Mr. Keller has a growing national following and is often described as a Christian intellectual who takes on the likes of Nietzsche, Marx and Freud in a sermon rooted in a specific Biblical text. He’ll sprinkle in references from popular culture—something about contentment he read in the Atlantic, a poignant passage from “Lord of the Rings.” His fruitful work has multiplied. Redeemer efforts have helped plant more than 300 churches in 45 cities, from Santiago to Dubai.
I met the 64-year-old Mr. Keller this week at the church’s offices in midtown Manhattan. He’s at least six-feet tall, bespectacled and I don’t have a chance to notice much else before I realize he’s asking me questions. We sit down in his office to discuss how he’s revived Christian orthodoxy in the naked city and how he sees religion changing in the modern world.

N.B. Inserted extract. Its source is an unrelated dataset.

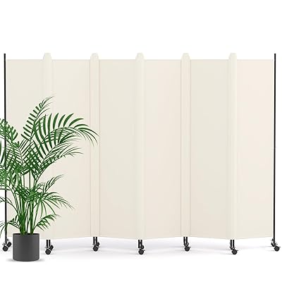 KELIXU パーテーション 間仕切り 6連 自立式 カバーストリップ付き 衝立 キャスター付き 高さ1.78m×幅3.02m 布タイプ 折りたたみ 仕切りパネル 軽量 クロスパーテーション 目隠し 屏風 おしゃれ 組み立て簡単 部屋 オフィス 会議室 (

“Everyone has a God, everyone has a way of salvation, we just don’t use the term,” he says. “St. Augustine would say: What makes you what you really are is what you love the most.” Mr. Keller adds that he likes “to show secular people that they’re not quite as unreligious as they think. They’re putting their hopes in something, and they’re living for it.” For ambitious, driven New Yorkers, it’s often a career, he says. “I try to tell people: The only reason you’re laying yourself out like this is because you’re not really just working. This is very much your religion.”
If there’s no God, he says in sermons, then everything you do at work will be forgotten, and nothing you can do in your career will earn lasting significance. But if Christianity is true, then “every good endeavor,” he likes to say, no matter how small, “can matter forever.” One tough part for people, he says, is coming under “God’s authority,” because “you have to find your identity in Christ, and not in just fulling yourself,” That “completely collides with what the culture is telling people.”

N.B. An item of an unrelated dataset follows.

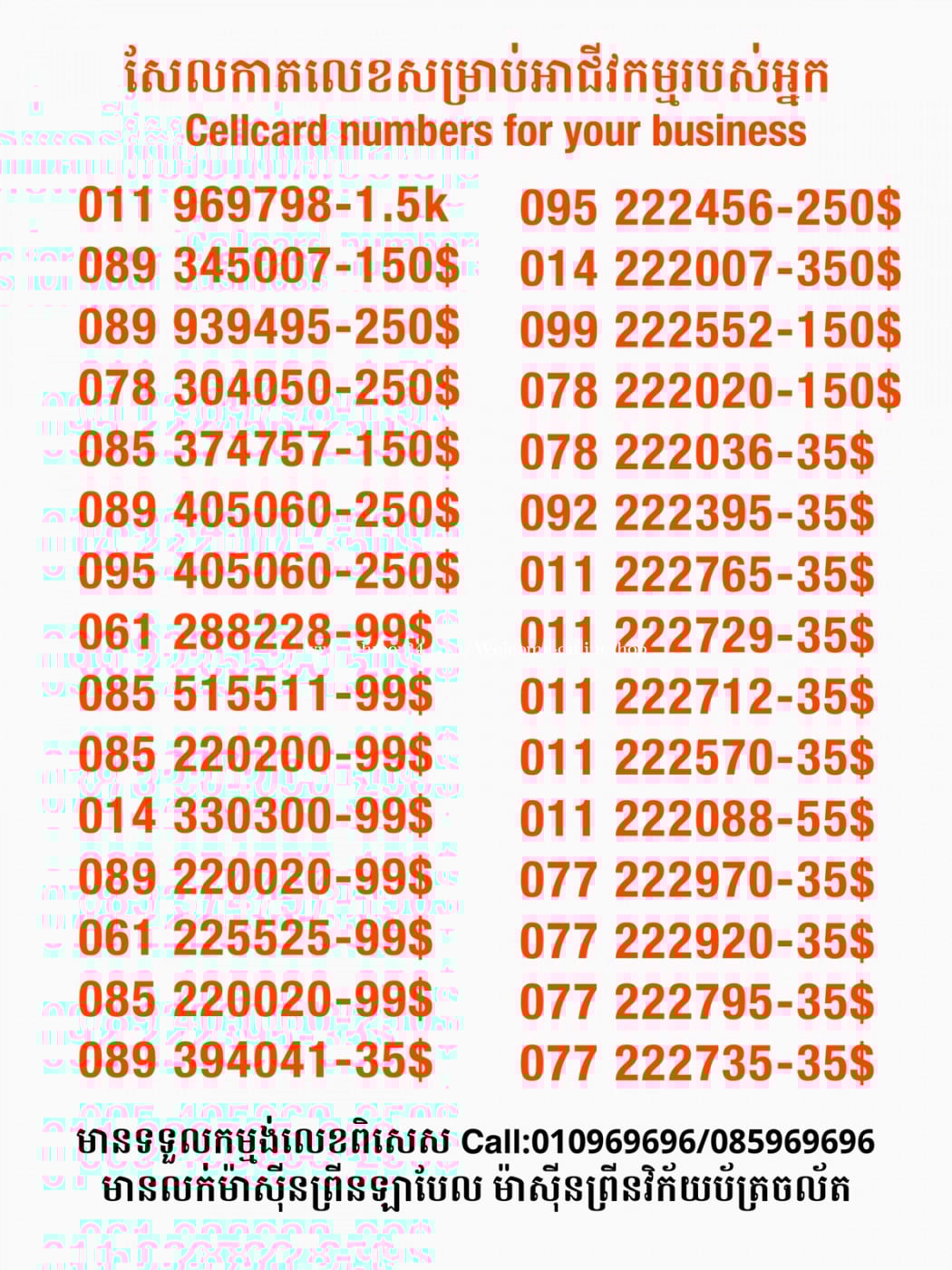 មានលក់លេខពិសេស មានទទួលកម្មង់លេខពិសេស មានលក់ម៉ាស៊ីនព្រីនឡាបែលចល័ត មានលក់ម៉ាស៊ីនព្រីនវិក័យប័ត្រចល័ត មានលក់សម្ភារៈប្រើប្រាស់ក្នុងគ្រួសារ Smart Prime II 1=30$ Smart hero 1=40$ ទូរសព្ទថ្មីក្នុងប្រអប់ លក់ធូរៗរហូតអស់ពីស្តុក អាចប្រើជាឧបករណ៍សម្រាប់ស៊ែរ wifi បាន ទំនាក់ទំនង(ខ្មែរ | English | 中文):010969696 | 085969696 Telegram: https://t.me/W9696 Telegram group: https://t.me/konkonnada អាសយដ្ឋាន:ផ្ទះលេខ២៣ ផ្លូវបេតុងលេខ១ ភូមិទួលពង្រ សង្កាត់ចោមចៅ ខណ្ឌពោធិ៍សែនជ័យ រាជធានីភ្នំពេញ ទីតាំង https://goo.gl/maps/8moqW4iTHUfJEvWQ9 ដើម្បីស្វែងរកលេខអាជីវកម្មដែលលោកអ្នកពេញចិត្ត សូមចូលទៅកាន់:https://www.khmer24.com/Welcome-onlineshop

The skeptics in his audience—about 15% of the people in the audience, he estimates, tell the church they aren’t sure what they believe about Christianity—are often “attracted to the idea of sacrificial love,” he says. But he says his preaching can also bother people, and Mr. Keller’s Dec. 7 sermon offers one example. He preached on a passage in Matthew, when Joseph learns that his wife-to-be Mary is pregnant with Jesus. Christianity, he says, will never be “a” good religion among many good religions, one that works for some and doesn’t work for others.

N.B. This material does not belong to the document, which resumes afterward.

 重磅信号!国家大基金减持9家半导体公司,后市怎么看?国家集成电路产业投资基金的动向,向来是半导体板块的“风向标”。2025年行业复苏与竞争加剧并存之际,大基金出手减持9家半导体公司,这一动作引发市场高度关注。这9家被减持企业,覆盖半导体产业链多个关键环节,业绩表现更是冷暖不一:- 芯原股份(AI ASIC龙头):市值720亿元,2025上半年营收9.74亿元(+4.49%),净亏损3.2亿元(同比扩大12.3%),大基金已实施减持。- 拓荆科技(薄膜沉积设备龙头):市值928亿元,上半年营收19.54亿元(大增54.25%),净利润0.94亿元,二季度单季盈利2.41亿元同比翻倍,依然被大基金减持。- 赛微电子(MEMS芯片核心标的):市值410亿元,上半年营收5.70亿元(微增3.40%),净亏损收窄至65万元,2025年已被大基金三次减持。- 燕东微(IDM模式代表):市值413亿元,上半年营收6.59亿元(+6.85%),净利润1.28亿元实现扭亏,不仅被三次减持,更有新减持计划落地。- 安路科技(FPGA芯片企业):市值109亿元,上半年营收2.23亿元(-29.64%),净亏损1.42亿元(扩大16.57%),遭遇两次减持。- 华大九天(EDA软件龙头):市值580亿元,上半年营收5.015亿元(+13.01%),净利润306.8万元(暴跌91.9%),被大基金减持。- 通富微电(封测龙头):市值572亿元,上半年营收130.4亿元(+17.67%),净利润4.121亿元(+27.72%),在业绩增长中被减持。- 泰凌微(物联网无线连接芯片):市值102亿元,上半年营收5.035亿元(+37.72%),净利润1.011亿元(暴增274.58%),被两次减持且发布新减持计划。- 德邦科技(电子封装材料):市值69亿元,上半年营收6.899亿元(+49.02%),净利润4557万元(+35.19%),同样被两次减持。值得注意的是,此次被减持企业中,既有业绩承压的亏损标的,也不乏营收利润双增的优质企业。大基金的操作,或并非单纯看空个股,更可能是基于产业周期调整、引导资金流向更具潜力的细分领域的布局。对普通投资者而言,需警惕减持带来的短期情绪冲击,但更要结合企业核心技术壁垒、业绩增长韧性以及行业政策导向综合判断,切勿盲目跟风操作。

“Every other religion has a founder that says: ‘I’ll show you the way to God. Only Christianity of all the major world religions has a founder that says: ‘I’m God, come to find you.’ If that’s right, he has to be the superior way to find God.” If it’s wrong, he says, “then it’s an inferior religion.” Not a lot of wiggle room there, even on Christmas.
One of Mr. Keller’s golden rules is: Use plain English. “Evangelicalism has developed a very sentimental vocabulary,” he says, pointing to an overuse of the word “blessing” and other “tribe” lingo. He says of prayer: “When I pray, I think people who don’t believe say: If I did believe, I could pray like that.” That is important when converting people in New York City, where Mr. Keller says he hopes to break down stereotypes that highly religious people aren’t intellectuals.
Mr. Keller looks less like a pastor than a professor, and in an earlier life he was one. In the mid-1980s he taught theology at Westminster Theological Seminary in Glenside, Pa., working part time for the church-planting arm of Presbyterian Church in America, a conservative presbyterian denomination.
The organization’s then-director asked Mr. Keller in 1986 if he would be interested in starting a church in Manhattan. He said no. He thought it too soon to leave his teaching job. He’d go to New York, he said, to do some networking and field work to help secure the right minister.
Every plausible candidate fell through, and so he packed up his young family—wife Kathy and three sons under 11—and moved to New York in 1989. Everyone from family to fellow ministers thought he was crazy. “Churches die in Manhattan,” he was told.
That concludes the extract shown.